Published: 26 March 2013

Abstract

Background

The level of lactate in amniotic fluid may provide useful clinical information when assessing progress of a woman’s labour and if so, a rapid, reliable method to assess amniotic fluid lactate is required in order to be clinically relevant. However, measuring lactate levels in amniotic fluid, using portable, handheld lactate meters may be less accurate than reference laboratory instruments designed to measure lactate levels in aqueous solutions. Prior to conducting a large study, we assessed recruitment, consent and sampling procedures, and the accuracy of a handheld lactate meter to measure lactate in amniotic fluid.
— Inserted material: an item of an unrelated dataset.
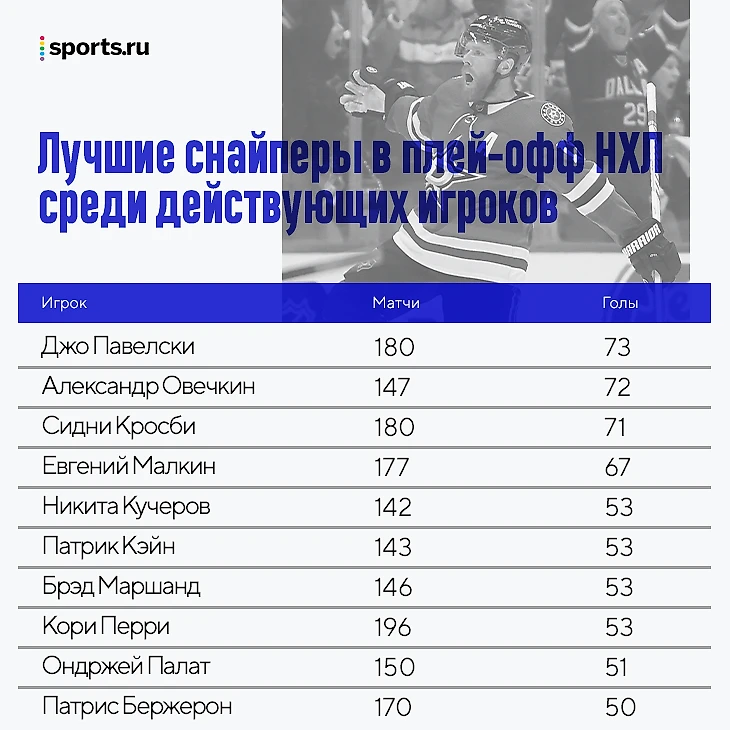Этот гол по-своему особенный для Джо – уже 73-й в плей-офф. Теперь американец – лучший снайпер в розыгрышах Кубка Стэнли среди действующих игроков. Позади него целая банда из солидных и уважаемых хоккеистов, часть из которых этой весной либо вообще не играла в плей-офф, либо закончила на ранних стадиях.

We compared amniotic fluid lactate results obtained using the hand held Lactate Pro (Arkray) to results obtained using reference laboratory methods ABX Pentra 400 (Horiba).

Results

We recruited 35 nulliparous women during their antenatal hospital visits and tested amniotic fluid samples collected from 20 labouring women. The handheld Lactate Pro meter was found accurate from 9–20 mmol/L with a Passing & Bablok regression of y = 0.18 + 0.97x (95% CI 0.76–1.45). Amniotic fluid lactate results remained reliable in the presence of potential contaminants commonly encountered during labour; obstetric lubricant, blood and meconium.

Conclusion

The measurement of amniotic fluid lactate using the Lactate Pro meter was reliable compared to reference laboratory methods for measuring lactate levels in amniotic fluid. The pilot study enabled the refinement of information, recruitment, consenting and sampling procedures prior to commencing a large cohort study.